**Work instructions:** Taking the line with "Novruz bayramı təbriki" as the first and the line with "Кантри характеризуется применением" as the last, set down the lines below exactly, pictures excluded.

**** Extracted material

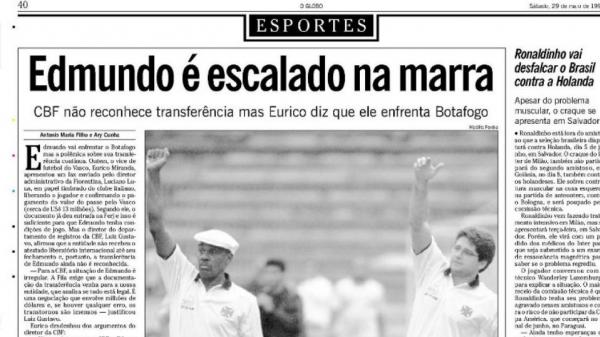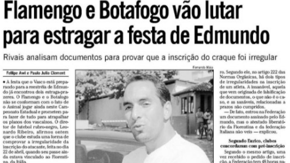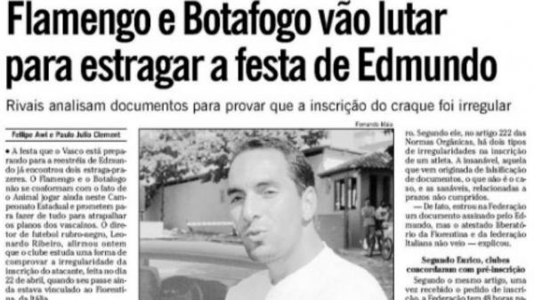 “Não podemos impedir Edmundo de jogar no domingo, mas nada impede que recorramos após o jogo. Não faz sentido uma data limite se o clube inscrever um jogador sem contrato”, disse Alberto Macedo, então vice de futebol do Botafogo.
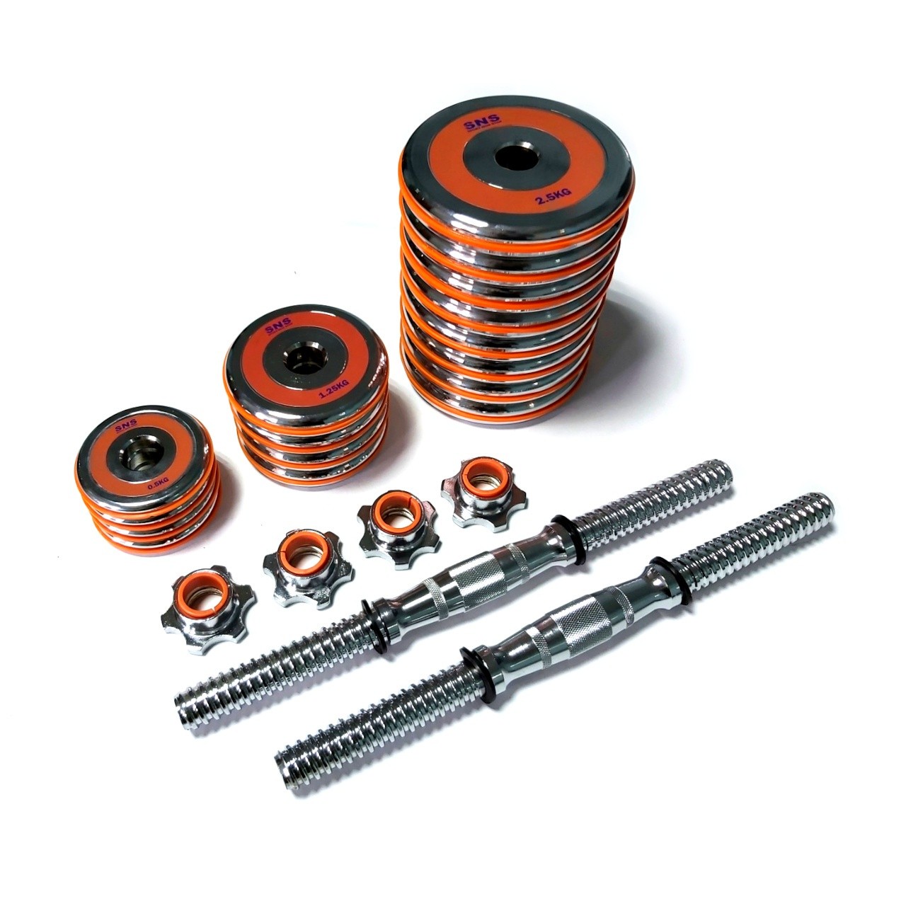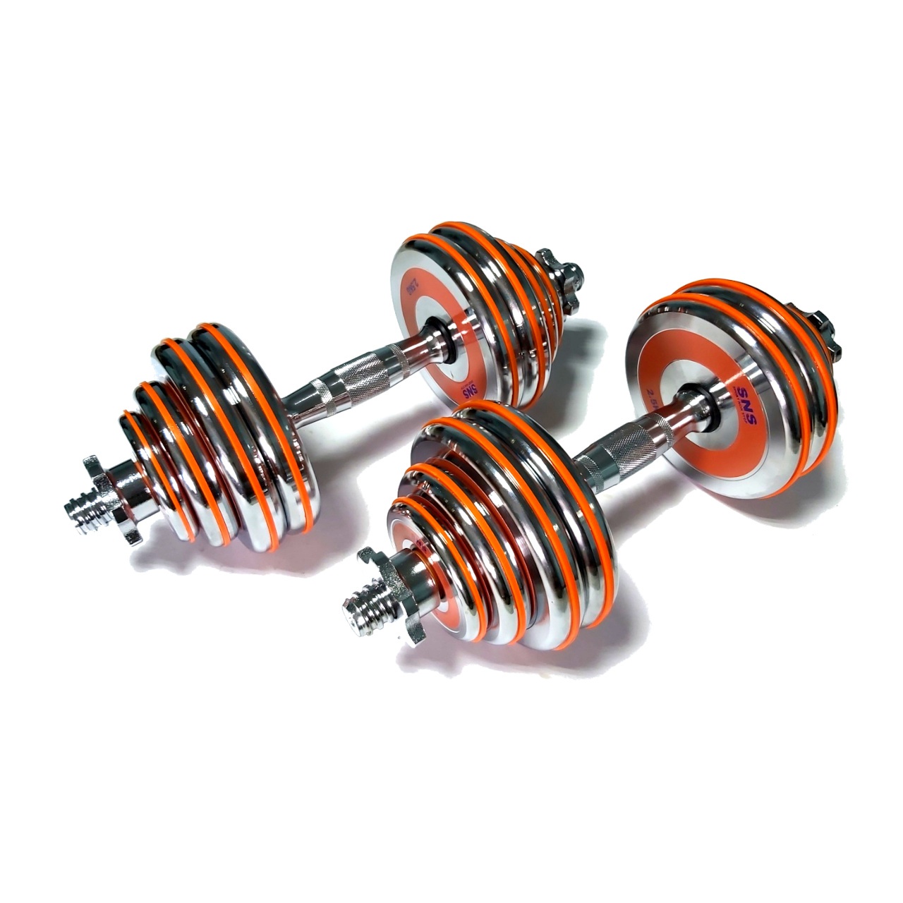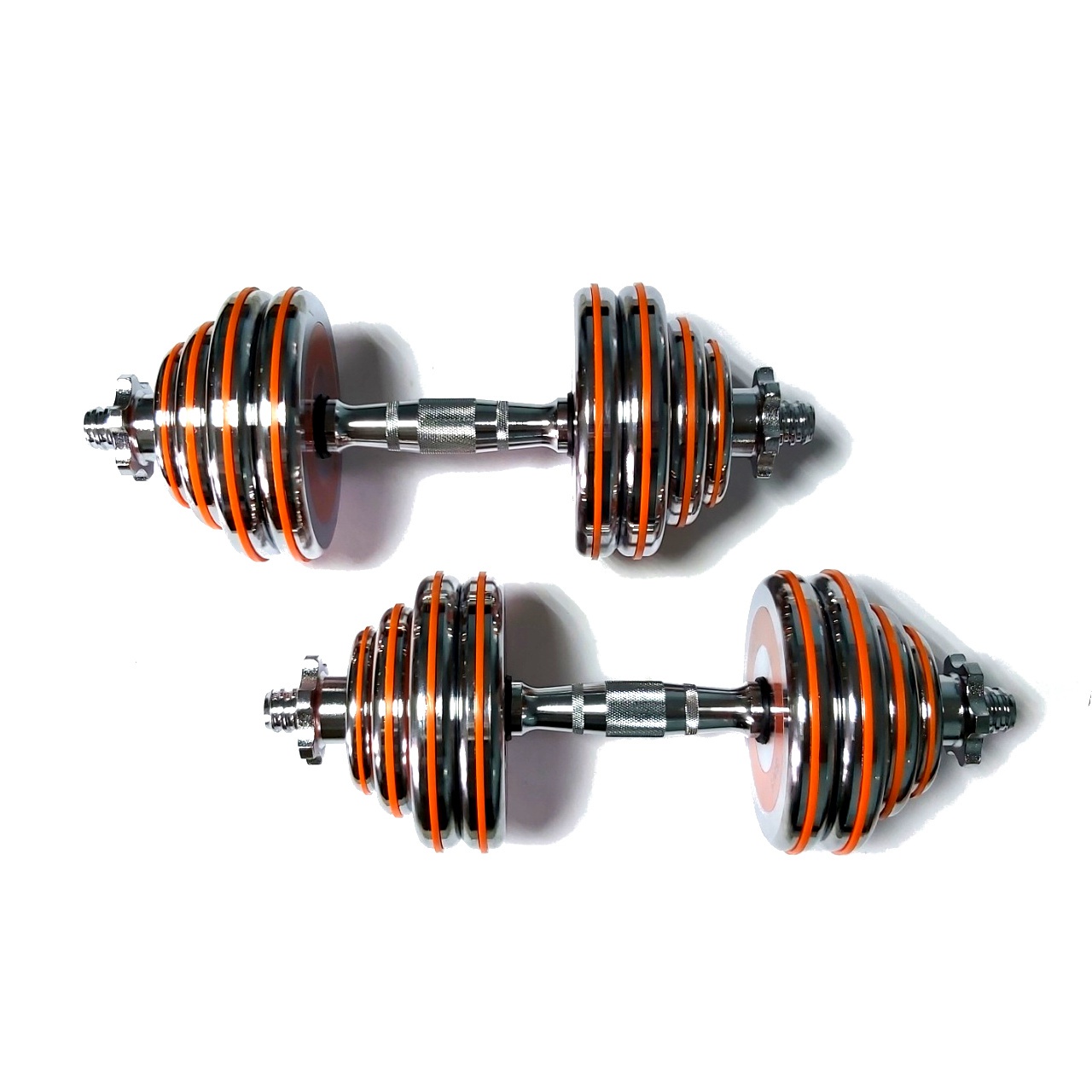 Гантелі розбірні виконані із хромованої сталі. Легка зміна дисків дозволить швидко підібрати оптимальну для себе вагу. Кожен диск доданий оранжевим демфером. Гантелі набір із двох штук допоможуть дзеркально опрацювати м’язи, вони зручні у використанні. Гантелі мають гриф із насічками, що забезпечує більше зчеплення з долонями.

********
**** Extracted material

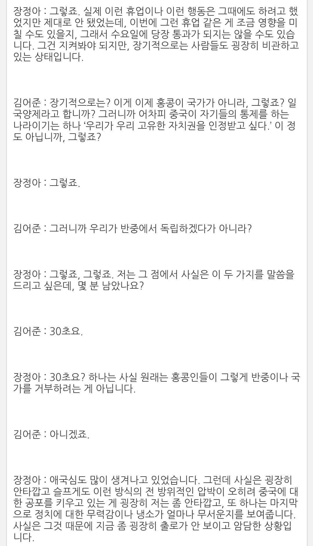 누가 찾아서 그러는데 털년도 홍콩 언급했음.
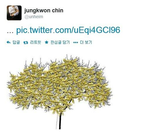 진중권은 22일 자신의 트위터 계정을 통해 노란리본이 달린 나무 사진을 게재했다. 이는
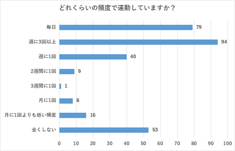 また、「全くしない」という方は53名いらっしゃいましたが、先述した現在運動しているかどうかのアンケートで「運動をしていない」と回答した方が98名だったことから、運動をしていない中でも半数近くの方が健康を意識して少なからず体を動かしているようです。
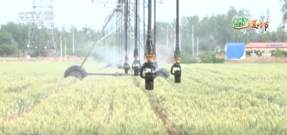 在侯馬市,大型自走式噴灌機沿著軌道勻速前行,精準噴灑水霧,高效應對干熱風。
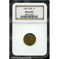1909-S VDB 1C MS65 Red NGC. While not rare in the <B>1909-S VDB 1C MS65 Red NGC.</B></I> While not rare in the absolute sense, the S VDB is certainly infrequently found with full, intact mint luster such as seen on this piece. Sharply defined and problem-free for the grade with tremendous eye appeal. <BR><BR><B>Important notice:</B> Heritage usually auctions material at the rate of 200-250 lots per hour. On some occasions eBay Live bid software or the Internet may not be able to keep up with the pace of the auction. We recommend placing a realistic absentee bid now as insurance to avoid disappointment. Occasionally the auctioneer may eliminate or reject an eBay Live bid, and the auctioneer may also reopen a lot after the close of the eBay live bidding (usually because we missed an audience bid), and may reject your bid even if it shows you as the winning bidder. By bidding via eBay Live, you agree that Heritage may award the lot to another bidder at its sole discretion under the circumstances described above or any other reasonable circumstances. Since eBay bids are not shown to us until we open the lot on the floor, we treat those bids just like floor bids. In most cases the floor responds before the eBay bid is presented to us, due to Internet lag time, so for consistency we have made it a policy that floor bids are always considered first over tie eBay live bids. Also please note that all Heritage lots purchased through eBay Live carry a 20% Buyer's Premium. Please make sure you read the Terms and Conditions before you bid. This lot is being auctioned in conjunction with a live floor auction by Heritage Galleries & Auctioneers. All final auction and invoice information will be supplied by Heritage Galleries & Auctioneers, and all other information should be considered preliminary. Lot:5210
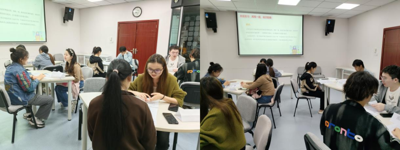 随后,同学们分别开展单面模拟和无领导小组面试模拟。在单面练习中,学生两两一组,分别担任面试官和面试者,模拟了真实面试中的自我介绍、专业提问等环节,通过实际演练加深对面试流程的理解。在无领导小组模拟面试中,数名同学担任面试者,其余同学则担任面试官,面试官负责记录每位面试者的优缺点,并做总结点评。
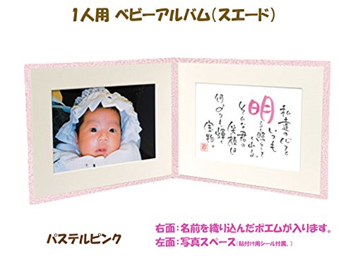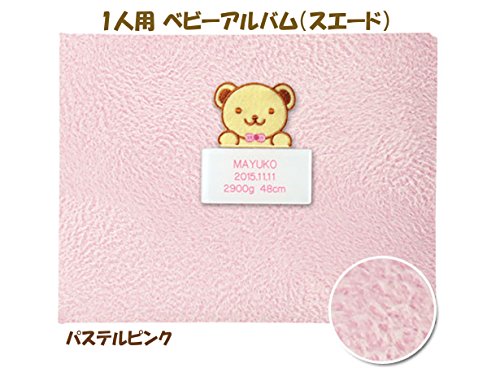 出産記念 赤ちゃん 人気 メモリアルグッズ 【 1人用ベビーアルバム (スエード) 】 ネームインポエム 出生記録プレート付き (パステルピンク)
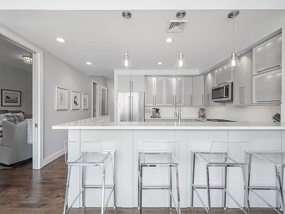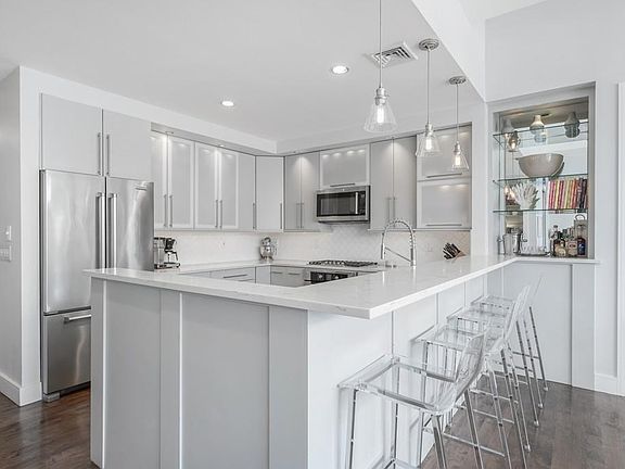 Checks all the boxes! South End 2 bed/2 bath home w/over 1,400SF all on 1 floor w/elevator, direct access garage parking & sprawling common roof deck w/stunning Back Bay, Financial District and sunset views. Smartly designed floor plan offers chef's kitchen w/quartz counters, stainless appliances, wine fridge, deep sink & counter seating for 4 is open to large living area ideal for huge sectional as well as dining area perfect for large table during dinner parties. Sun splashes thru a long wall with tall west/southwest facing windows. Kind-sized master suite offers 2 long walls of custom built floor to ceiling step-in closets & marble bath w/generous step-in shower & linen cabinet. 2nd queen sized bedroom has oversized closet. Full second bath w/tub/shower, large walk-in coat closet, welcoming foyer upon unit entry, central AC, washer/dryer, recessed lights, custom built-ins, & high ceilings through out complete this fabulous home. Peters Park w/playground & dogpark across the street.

********
**** Extracted material

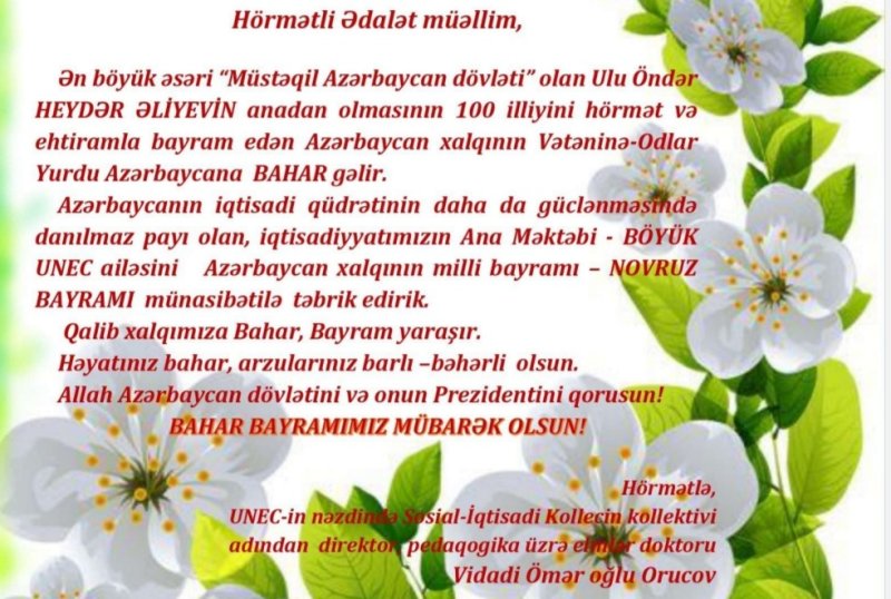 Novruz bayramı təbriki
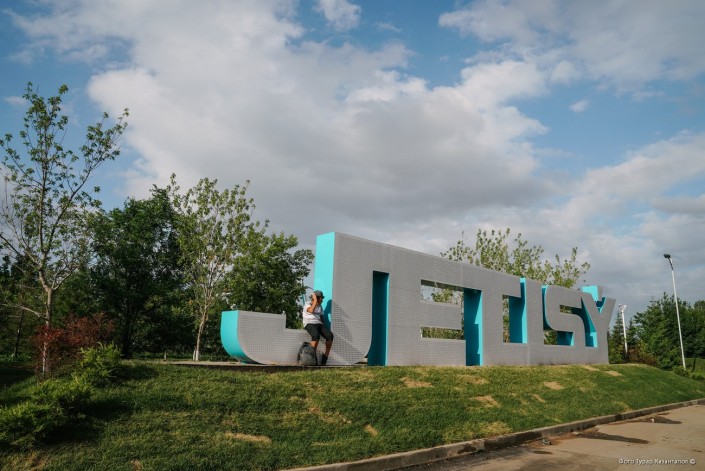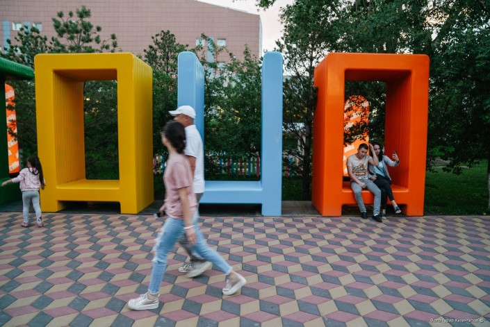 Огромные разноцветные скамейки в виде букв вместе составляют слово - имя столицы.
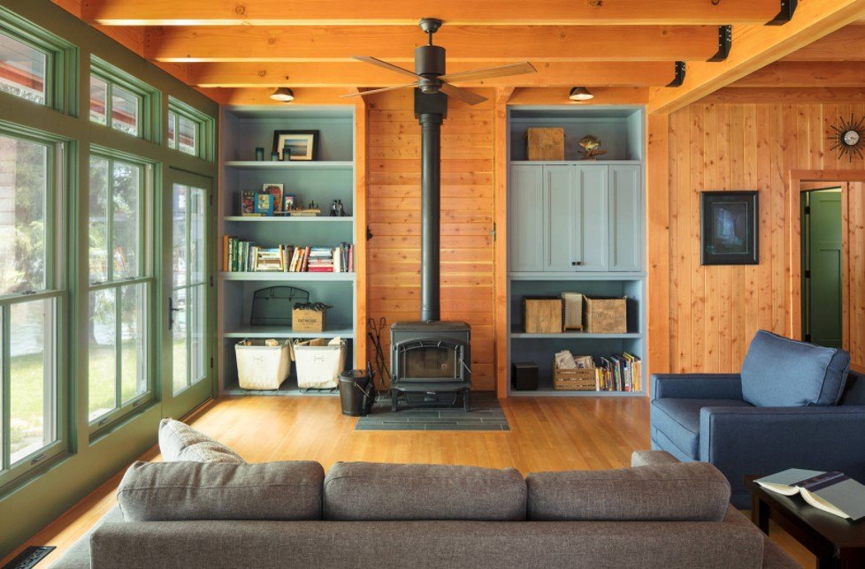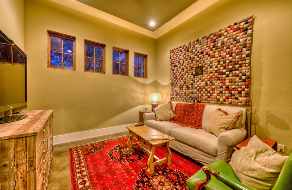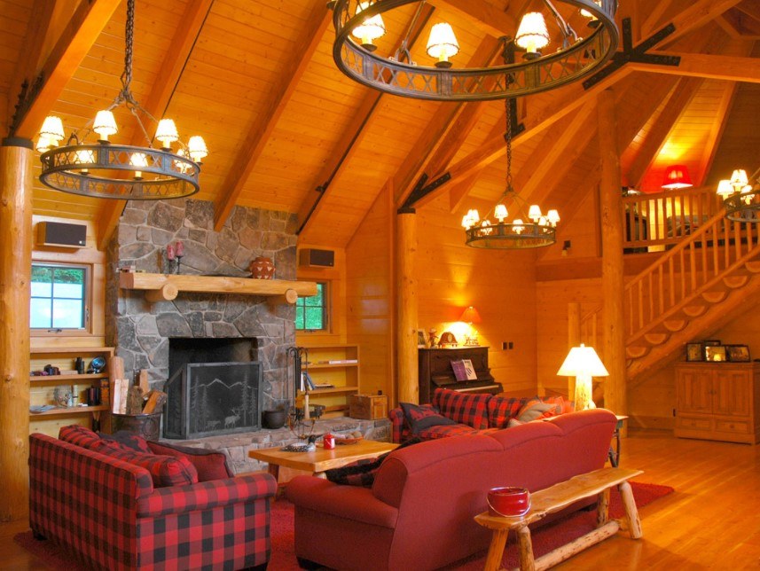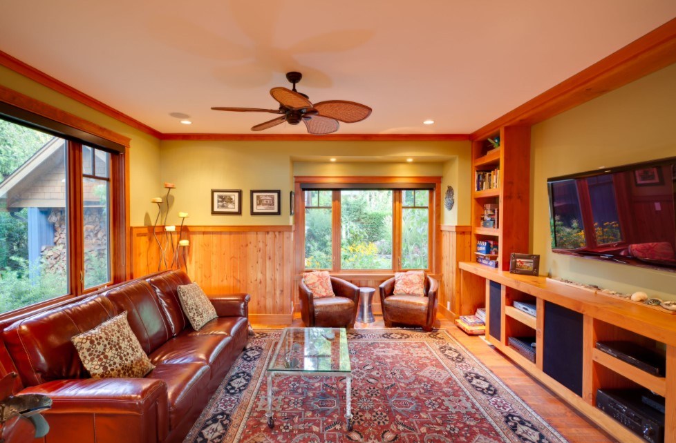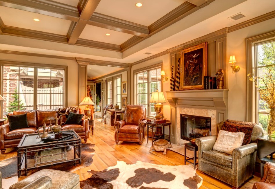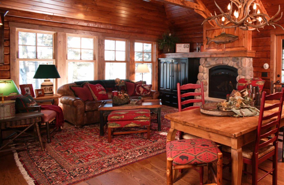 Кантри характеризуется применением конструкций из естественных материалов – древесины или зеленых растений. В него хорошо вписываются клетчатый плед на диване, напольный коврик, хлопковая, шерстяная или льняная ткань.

********

**Finished task:**
 Novruz bayramı təbriki
 Огромные разноцветные скамейки в виде букв вместе составляют слово - имя столицы.
 Кантри характеризуется применением конструкций из естественных материалов – древесины или зеленых растений. В него хорошо вписываются клетчатый плед на диване, напольный коврик, хлопковая, шерстяная или льняная ткань.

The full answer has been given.